Given data.
----

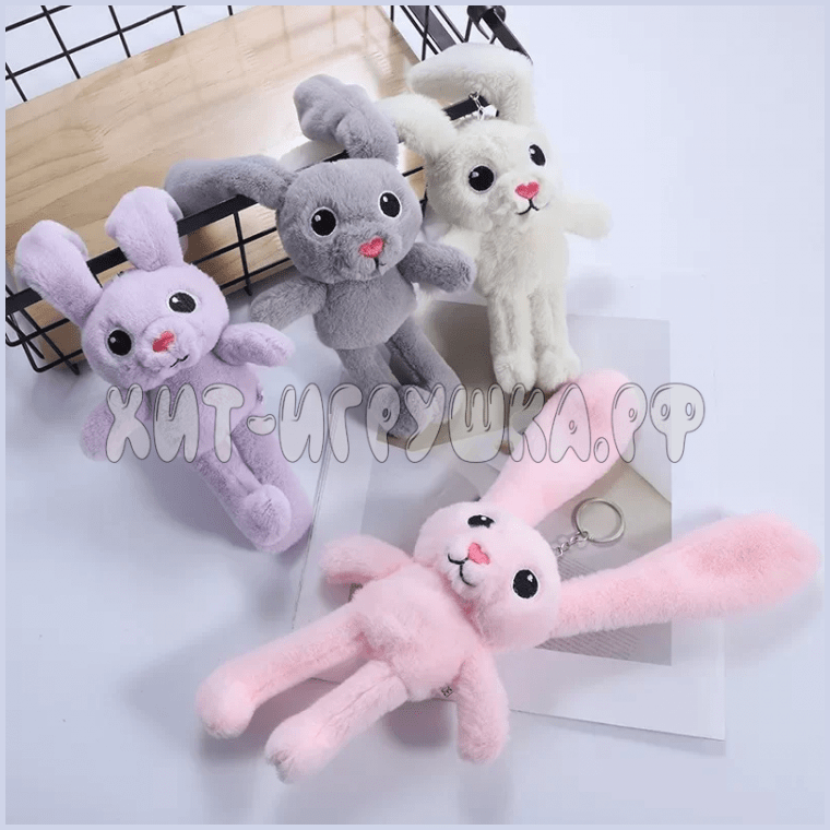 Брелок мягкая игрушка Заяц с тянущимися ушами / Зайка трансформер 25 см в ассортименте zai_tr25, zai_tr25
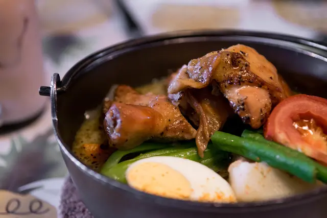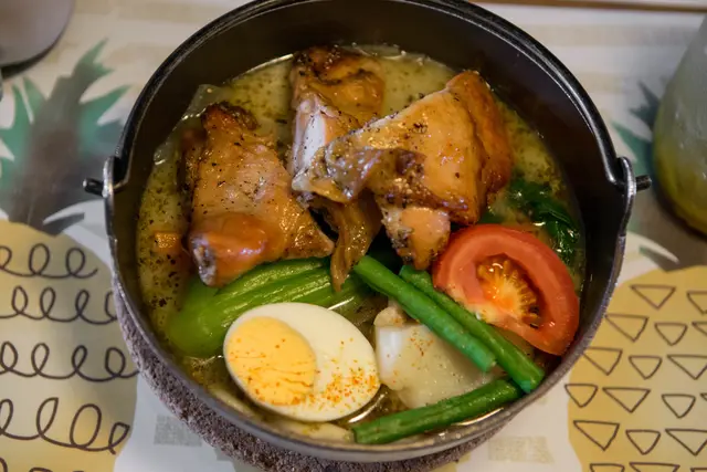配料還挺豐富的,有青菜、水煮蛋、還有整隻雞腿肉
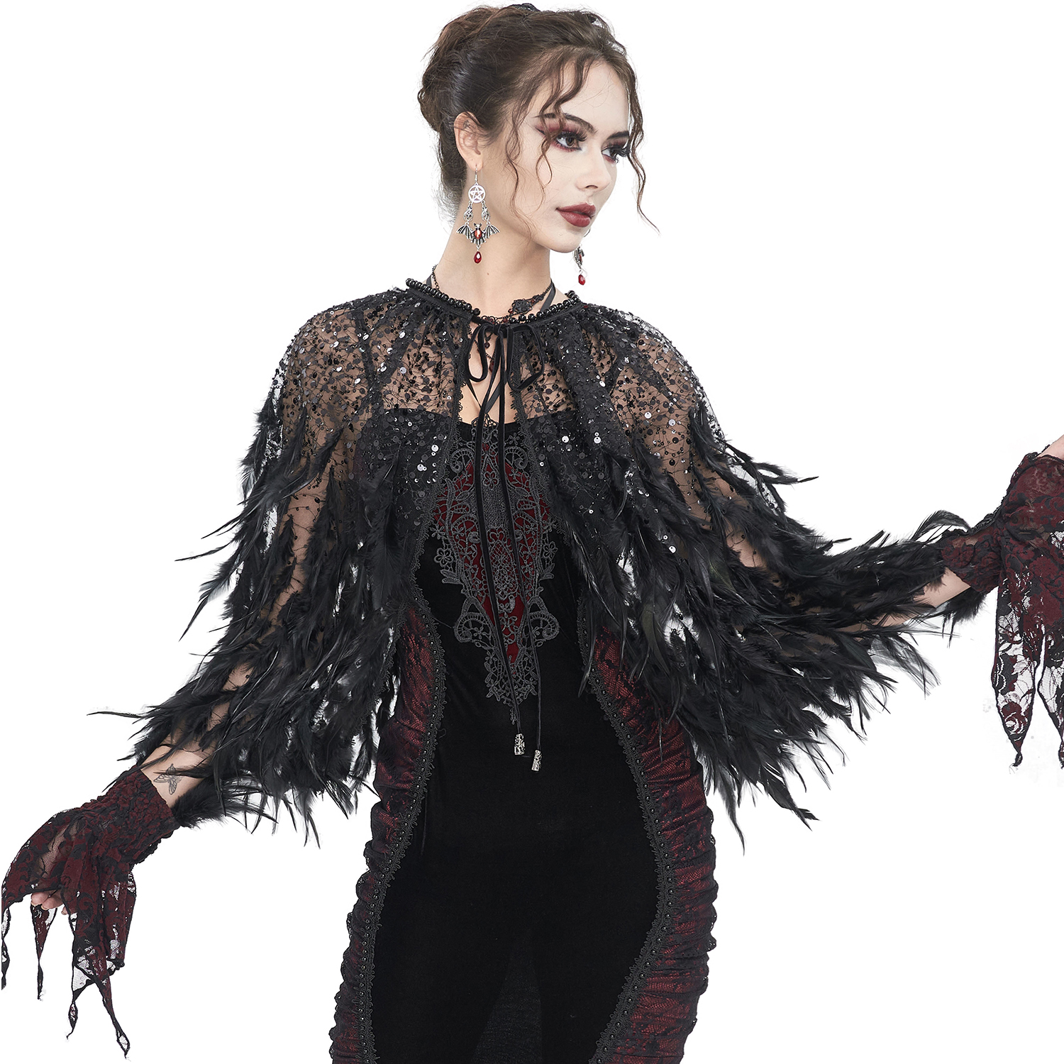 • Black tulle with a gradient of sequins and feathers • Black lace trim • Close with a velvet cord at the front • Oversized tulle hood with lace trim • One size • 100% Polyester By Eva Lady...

----

Once the line containing "配料還挺豐富的,有青菜、水煮蛋、還有整隻雞腿肉" has been copied, stop; everything from the first line of the data up to it must be copied exactly, without pictures.

 Брелок мягкая игрушка Заяц с тянущимися ушами / Зайка трансформер 25 см в ассортименте zai_tr25, zai_tr25
配料還挺豐富的,有青菜、水煮蛋、還有整隻雞腿肉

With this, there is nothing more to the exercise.